* Exercise aim *
Dropping every picture, set down exactly the lines in the entries below, starting with the line with "- Newly designed" and going on through the line with "2日目は早朝から勝浦市の浜行".

* Supplied entries *
——————

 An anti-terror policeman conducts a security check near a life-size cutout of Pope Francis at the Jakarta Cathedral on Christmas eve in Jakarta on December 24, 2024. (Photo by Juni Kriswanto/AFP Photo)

——————

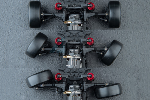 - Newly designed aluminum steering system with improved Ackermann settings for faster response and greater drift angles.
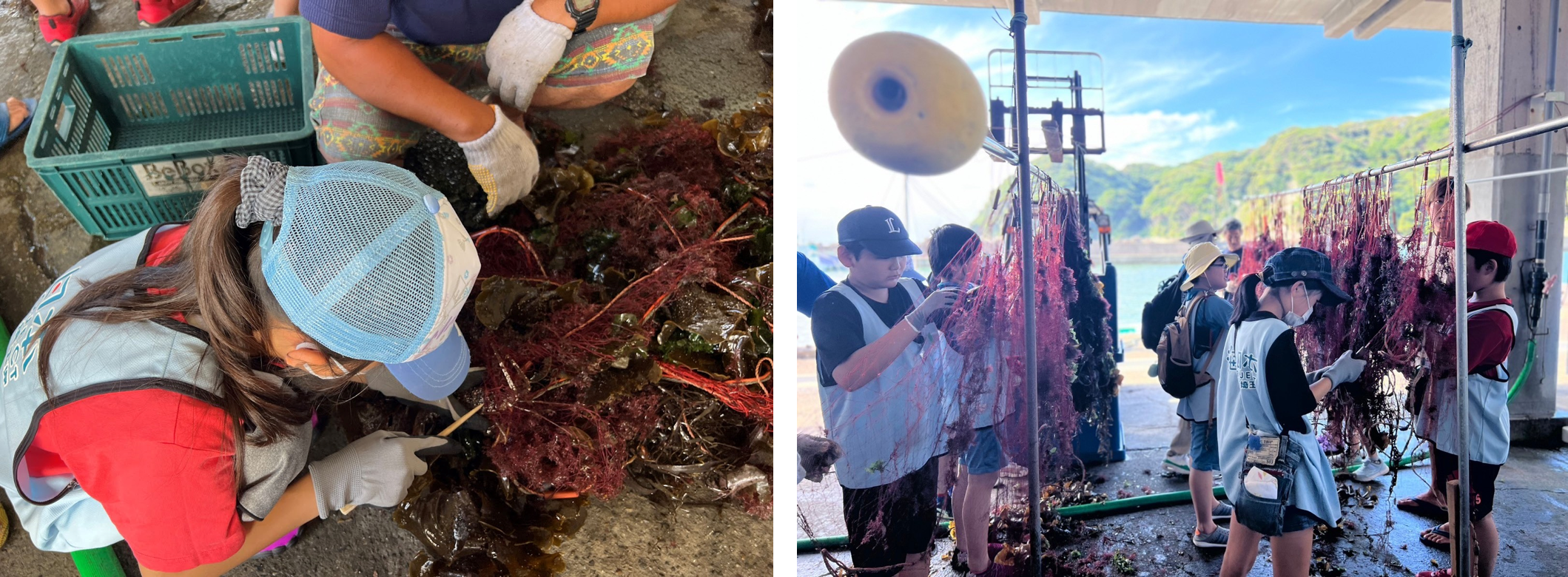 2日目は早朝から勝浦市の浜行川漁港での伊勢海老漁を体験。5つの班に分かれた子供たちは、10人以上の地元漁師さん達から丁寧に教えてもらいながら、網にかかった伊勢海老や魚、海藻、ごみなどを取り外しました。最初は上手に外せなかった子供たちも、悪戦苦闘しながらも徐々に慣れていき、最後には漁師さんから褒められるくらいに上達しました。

——————

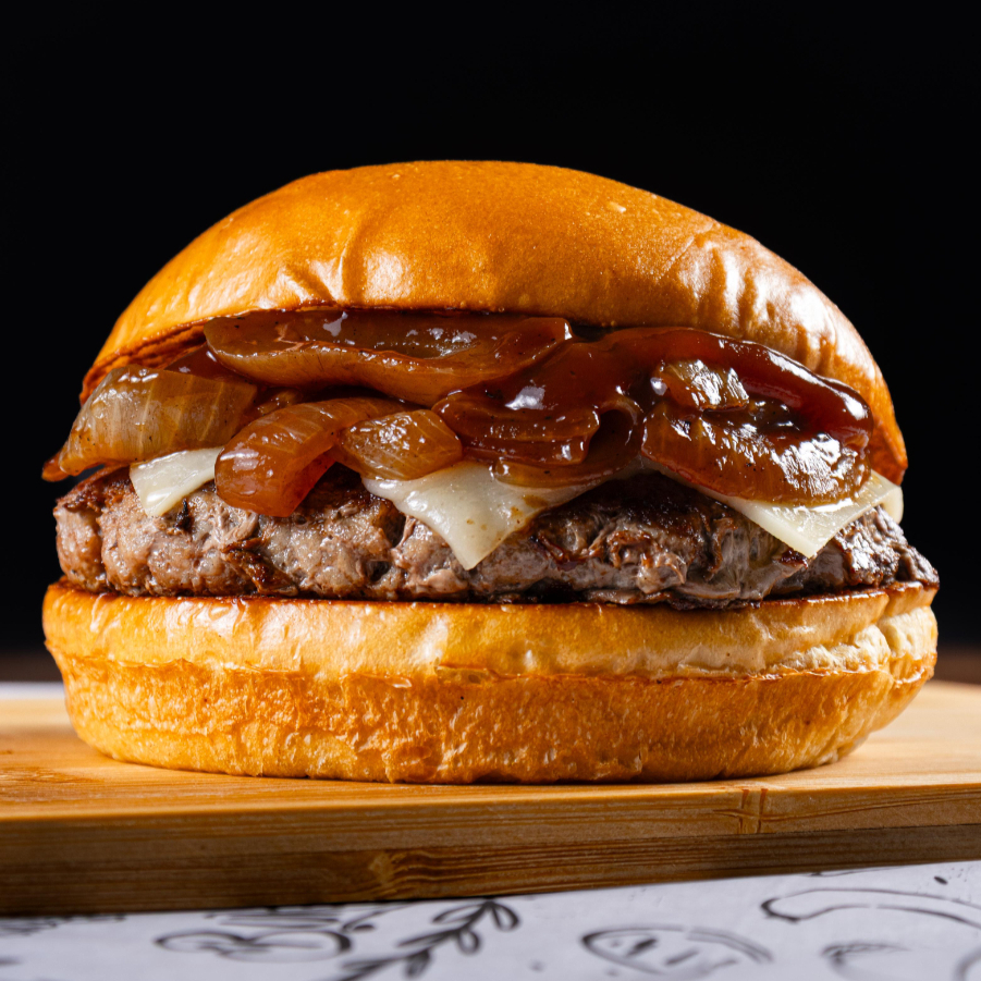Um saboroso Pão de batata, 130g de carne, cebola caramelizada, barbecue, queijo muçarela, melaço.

——————

* Exercise answer *
 - Newly designed aluminum steering system with improved Ackermann settings for faster response and greater drift angles.
 2日目は早朝から勝浦市の浜行川漁港での伊勢海老漁を体験。5つの班に分かれた子供たちは、10人以上の地元漁師さん達から丁寧に教えてもらいながら、網にかかった伊勢海老や魚、海藻、ごみなどを取り外しました。最初は上手に外せなかった子供たちも、悪戦苦闘しながらも徐々に慣れていき、最後には漁師さんから褒められるくらいに上達しました。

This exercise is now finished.